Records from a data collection
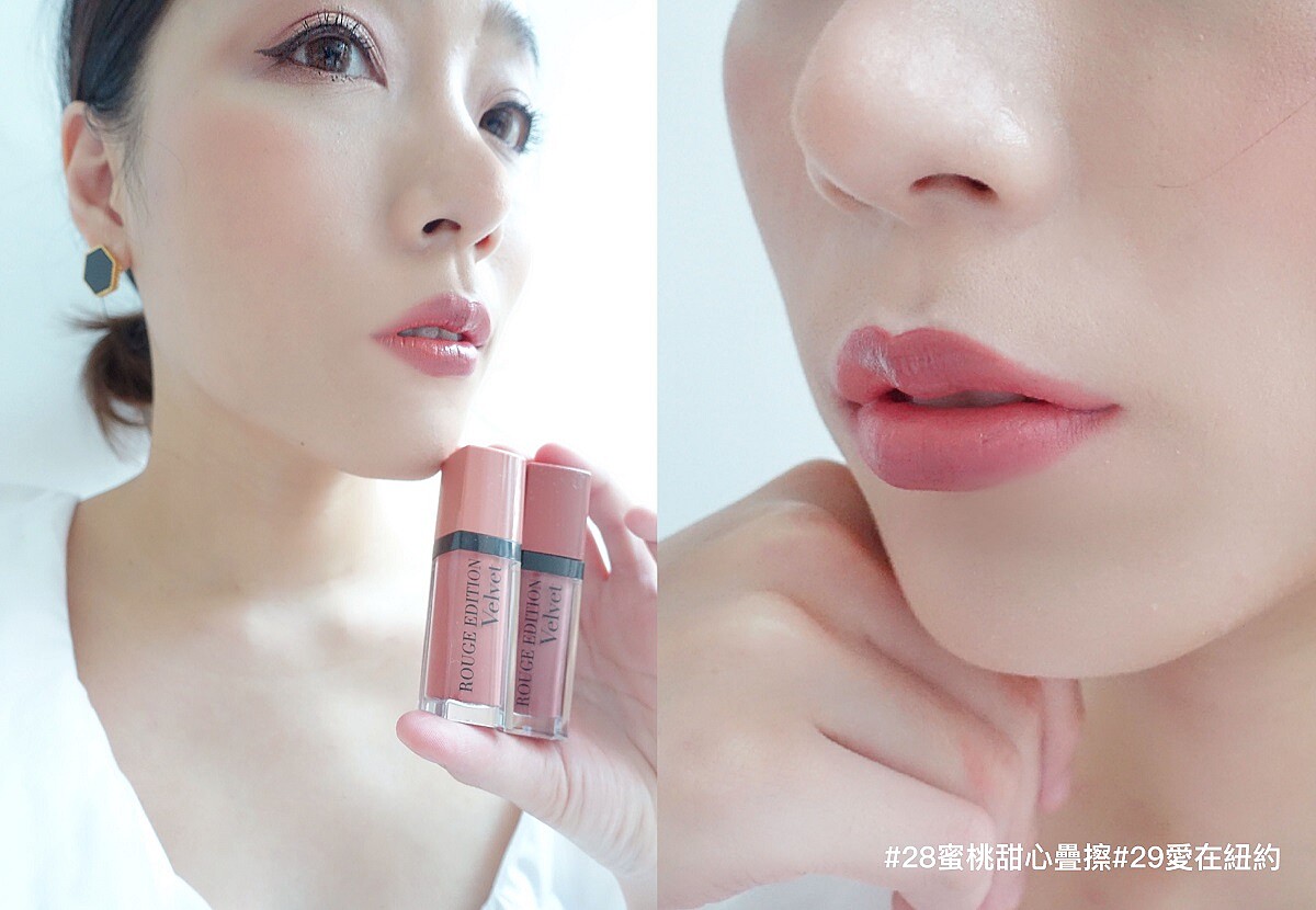 #28蜜桃甜心打底後,再用#29愛在紐約勾勒上下唇緣,輕點暈染開來,類似臉部刷上修容的效果,增加唇型的立體感,用一點小技巧,就可以讓唇型更加完美嘟翹。結合土色、裸膚、粉色的#29愛在紐約和#28蜜桃甜心疊擦之後,兩色自然的融合在一起,讓經典的優雅更加上乘。
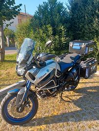 La moto monta faretti supplementari, paramotore paracardano, paracarena e profili in carbonio essendo modello Worldcrosser
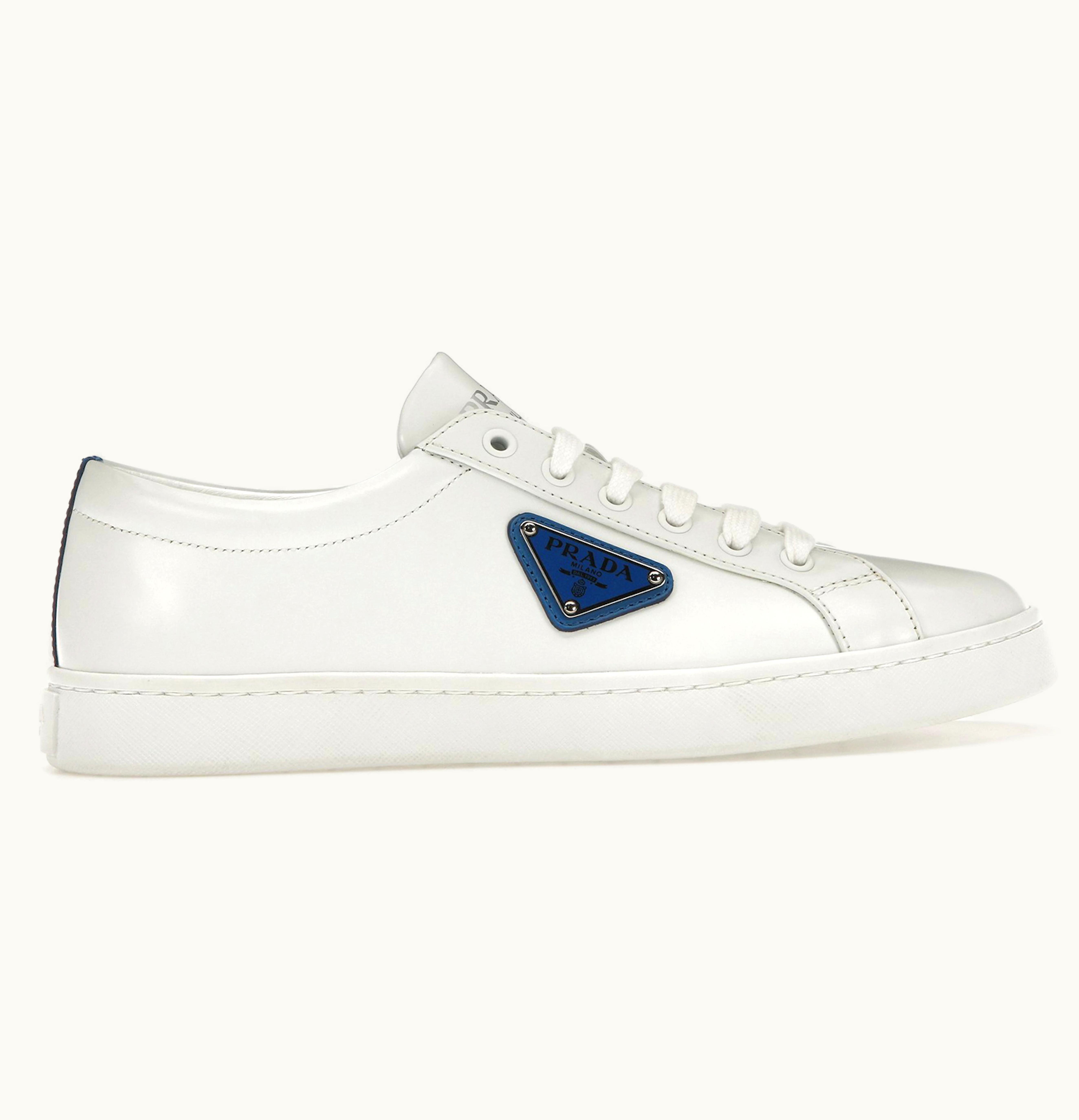 Prada Court Sneaker White Blue Leather Womens | GLINT
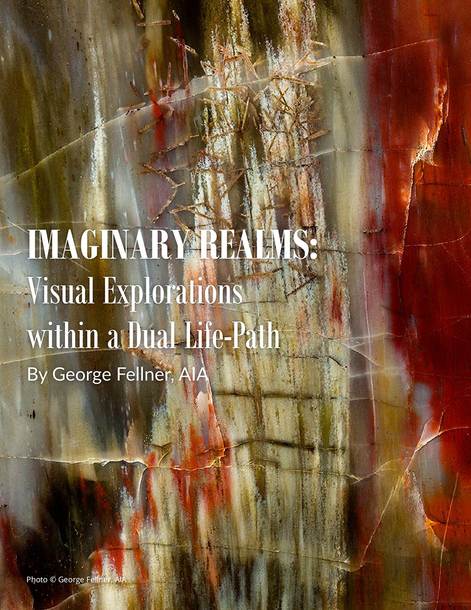 George’s writings encompass his variety of themes including architecture, history, culture, the natural world, and the Imaginary Realms of minerals. His work as both an architect and a fine art photographer demonstrates a bridging of the arts, science, the natural environment, and sustainable design. The blending of visual imagery with the written word can serve as a complementary strategy for creative expression.
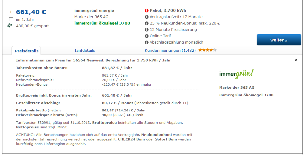 voraussichtlichen Jahresverbrauchs. Zusatzlich gilt fur Pakettarife, dass die Berechnung des Bonus mindestens auf Grundlage des bei Vertragsschluss gultigen Paketpreises erfolgt.
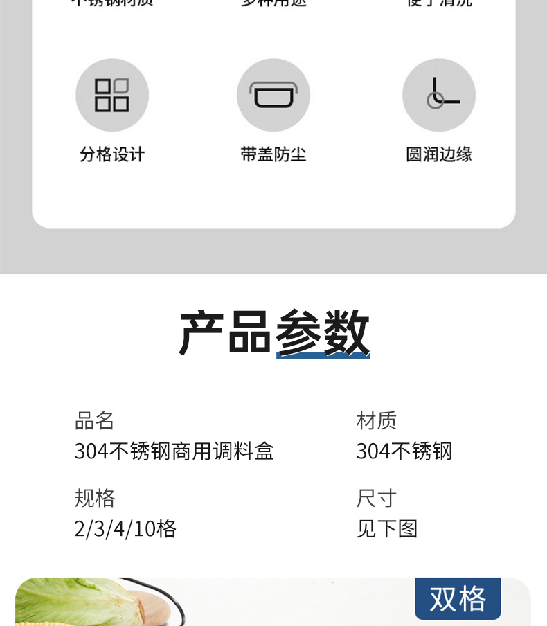 • 商品名称:Edo304不锈钢商用高档全钢调味盒 酒店餐厅调料储物盒2格+2勺带盖 1/个
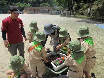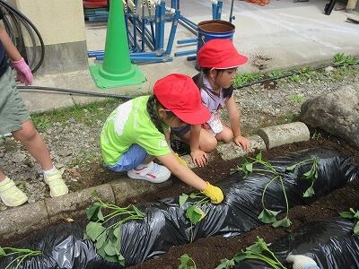 5月に1・2年生が植えたさつまいもが大きく育ったので、いもほりを行いました。尾向保育所の園児も一緒に活動をしました。大きなさつまいもを見つけては、歓声を上げながら掘っていきました。
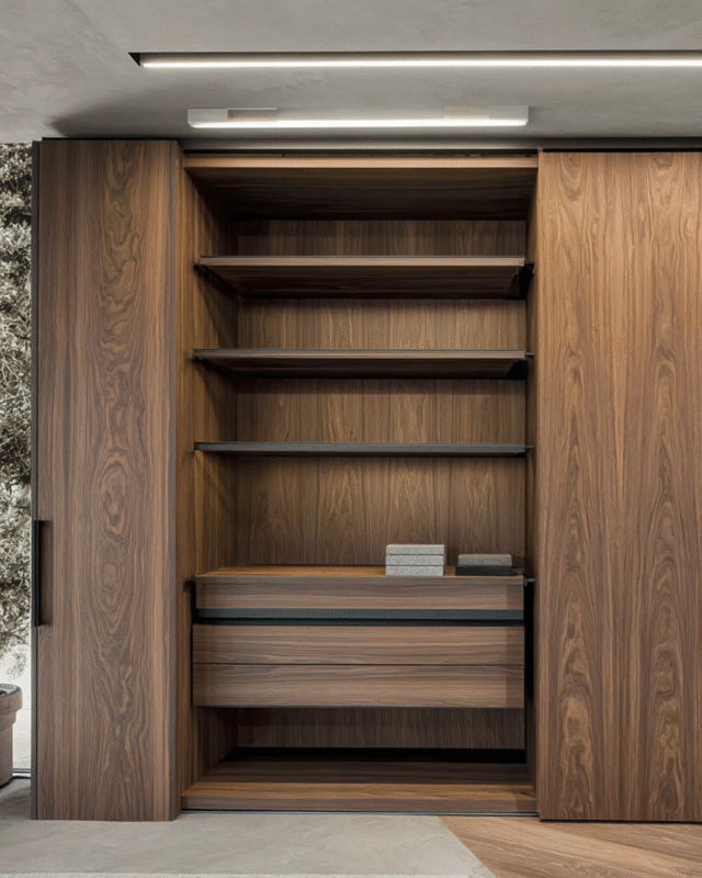 Un espace modulaire et personnalisable, conçu pour organiser chaque affaire avec précision et fluidité. Son agencement intelligent optimise le volume et offre une expérience fonctionnelle au quotidien. Une solution sur mesure, pensée pour habiller les pièces de vie avec style et praticité.
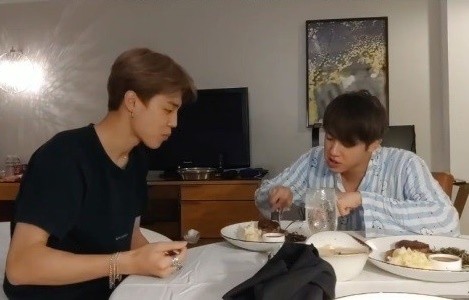지민은 호텔방에서 먹방도 선보였다. "혼자하기 좀 그래서 진 형을 불렀다. 음식도 미리 준비했다"는 지민은 팬들에게 푸짐하게 차려진 식탁을 보여줬다.
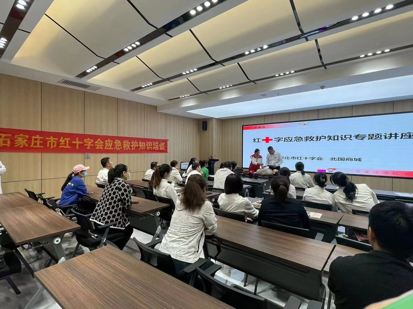 10月16日,石家庄市红十字会在北国商城举办了红十字应急救护培训公益培训班,商城行政、服务员等部分岗位近40名员工参加了培训。
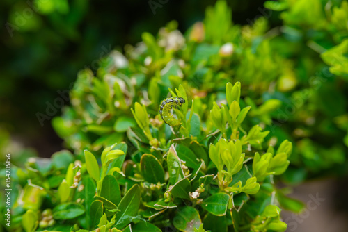 Garden pests.Green caterpillar sits on green boxwood branches.caterpillar moves and eats a boxwood bush. Treating the garden against moth caterpillars.protect garden and ensure the health
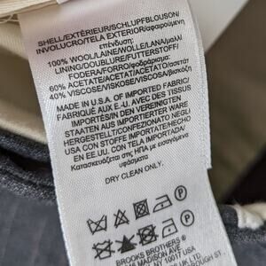 Material: 100% wool shell; lining 60% acetate, 40% viscose
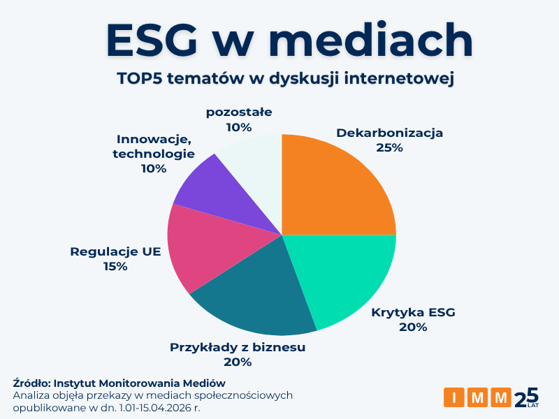 Pod postami o ESG opublikowanymi w okresie od początku stycznia do połowy kwietnia br. użytkownicy social mediów pozostawili 24,6 tys. interakcji (reakcji, komentarzy, udostępnień). Wśród komentarzy zawierających opinię przeważają głosy przychylne (szacunkowo 60%). Użytkownicy popierający ideę ESG opierają swoją argumentację na konkretnych przykładach wdrożeń. Pozytywna narracja jest szczególnie popularna na Instagramie i wśród użytkowników publikujących treści o zrównoważonym rozwoju. Posty i komentarze krytyczne wobec ESG często mają charakter emocjonalny. Na platformie X popularne jest sformułowanie „anti-ESG”. Eksperci IMM dostrzegli, że krytyka ESG generuje większy poziom zaangażowania użytkowników niż głosy popierające inicjatywę. Dominującą kategorią pozostają jednak przekazy neutralne – 89,6% wzmianek to treści informacyjne i relacyjne, co wskazuje na systematyczne zawężanie się grupy aktywnych uczestników tej debaty do środowisk specjalistycznych.
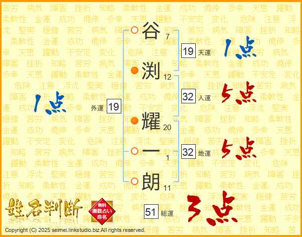 谷(7画)渕(12画) 耀(20画)一(1画)朗(11画)
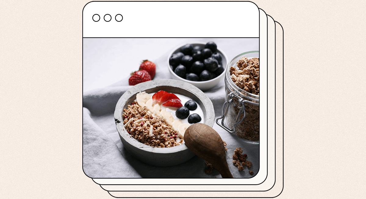 В глубокую тарелку или баночку выложи натуральный йогурт. Сверху посыпь гранолу. Поверх нее равномерно распредели промытые ягоды.
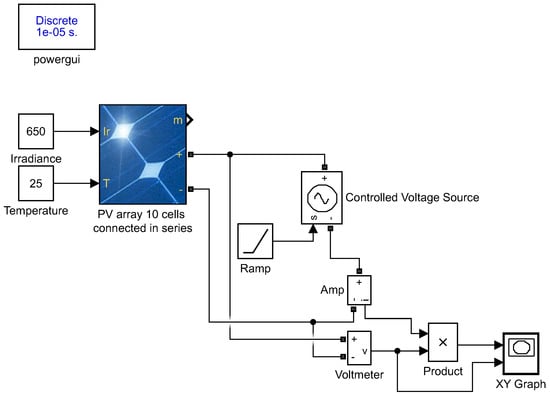 The Simulink simulation setup of the proposed SPC-FOCV method is shown in Figure 6. The accuracy of the simulation is defined by the sample time of 1 × 10−8 s. The simulated circuit consists of PV array with nine cells connected in series and additional series connected semi-pilot cell. This PV array feeds the load through Buck-Boost DC-DC converter. All cells have similar parameters which are detailed in Table 2. In this example, temperature of all cells is 25 °C and irradiance is W/m2.
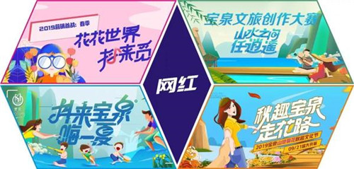 在短視頻助推寶泉營(yíng)銷(xiāo)新模式上,寶泉景區(qū)采取線下線上雙驅(qū)動(dòng)。線下,2019寶泉景區(qū)相繼舉辦春季郁金香踏青賞花節(jié)、夏季潑水狂歡節(jié)、秋季山地菊花秋趣文化節(jié),浪漫的郁金香花海、嗨翻全場(chǎng)的潑水節(jié)現(xiàn)場(chǎng)、精彩熱鬧的秋趣廣場(chǎng),不斷為游客提供短視頻網(wǎng)紅打卡內(nèi)容。
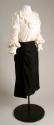 About MeBlack satin skirt with a draped effect over the hips shown with a cream silk long sleeved blouse with a double layer of frills. This outfit is typical of late 1950s style. The pencil or hobble skirt was made popular by Yves Saint Laurent at Dior about 1959. Although the skirt is narrower around the hem, by comparison to the large crinoline-style skirts also popular at the time, it still maintains a fashionable feminine shape, emphasising the hips and small waist with flaring around the top of the skirt.
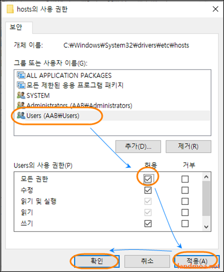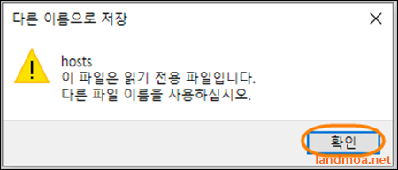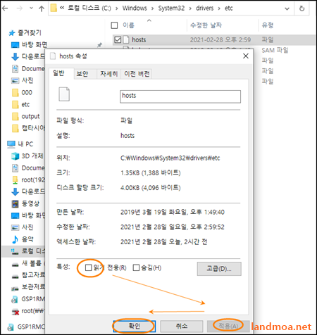 hosts 파일 읽기전용 해제, 수정불가 해결하는 방법
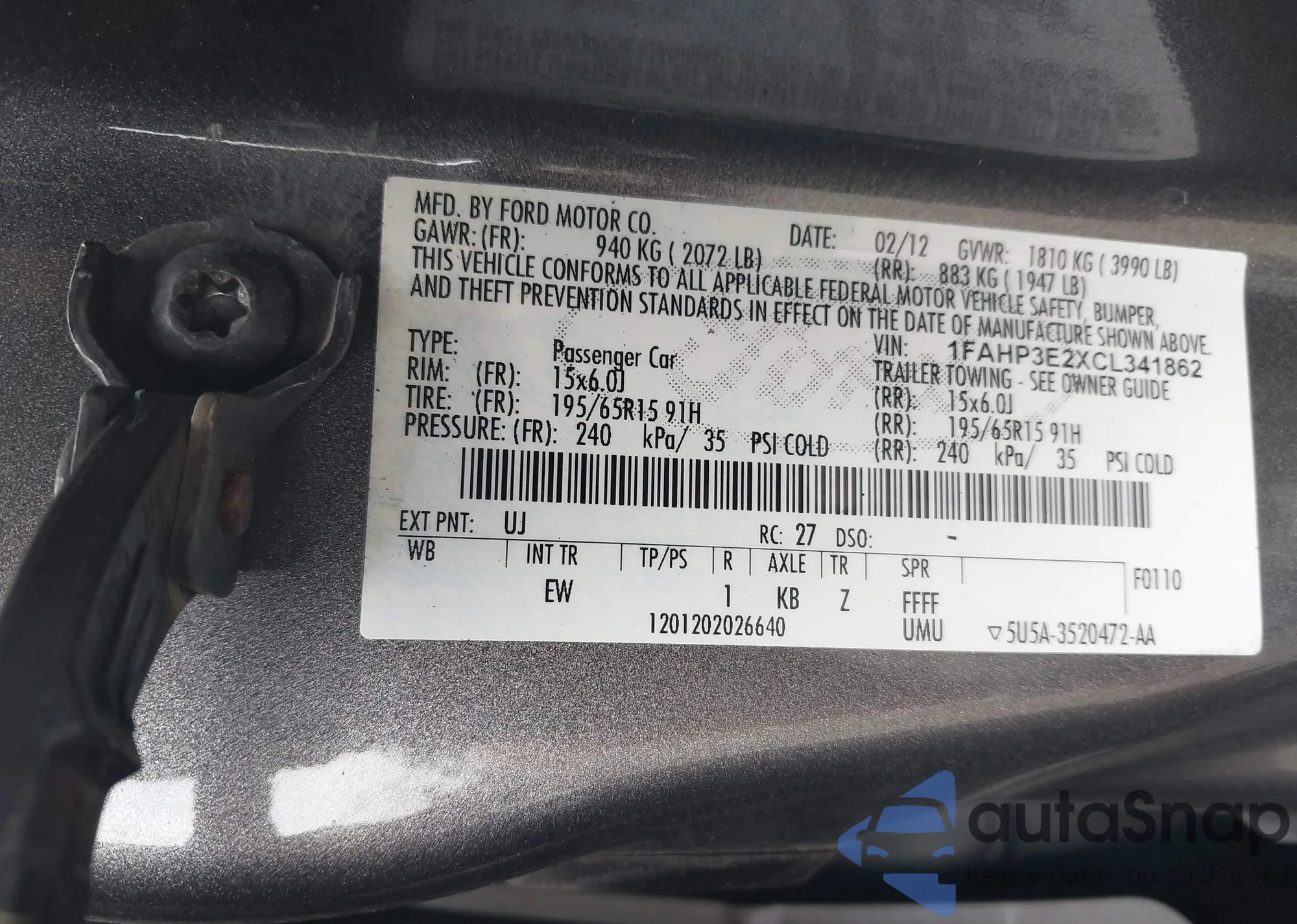 • VIN 1FAHP3FN2BW121234

● Goal of the exercise: What you need to produce is an exact copy of the entries above, limited to the lines from the one with "voraussichtlichen Jahresverbrauchs. Zusatzlich" up to and including the one with "Material: 100% wool", without pictures.

● Completed task:
 voraussichtlichen Jahresverbrauchs. Zusatzlich gilt fur Pakettarife, dass die Berechnung des Bonus mindestens auf Grundlage des bei Vertragsschluss gultigen Paketpreises erfolgt.
 • 商品名称:Edo304不锈钢商用高档全钢调味盒 酒店餐厅调料储物盒2格+2勺带盖 1/个
 5月に1・2年生が植えたさつまいもが大きく育ったので、いもほりを行いました。尾向保育所の園児も一緒に活動をしました。大きなさつまいもを見つけては、歓声を上げながら掘っていきました。
 Un espace modulaire et personnalisable, conçu pour organiser chaque affaire avec précision et fluidité. Son agencement intelligent optimise le volume et offre une expérience fonctionnelle au quotidien. Une solution sur mesure, pensée pour habiller les pièces de vie avec style et praticité.
지민은 호텔방에서 먹방도 선보였다. "혼자하기 좀 그래서 진 형을 불렀다. 음식도 미리 준비했다"는 지민은 팬들에게 푸짐하게 차려진 식탁을 보여줬다.
 10月16日,石家庄市红十字会在北国商城举办了红十字应急救护培训公益培训班,商城行政、服务员等部分岗位近40名员工参加了培训。
 Garden pests.Green caterpillar sits on green boxwood branches.caterpillar moves and eats a boxwood bush. Treating the garden against moth caterpillars.protect garden and ensure the health
 Material: 100% wool shell; lining 60% acetate, 40% viscose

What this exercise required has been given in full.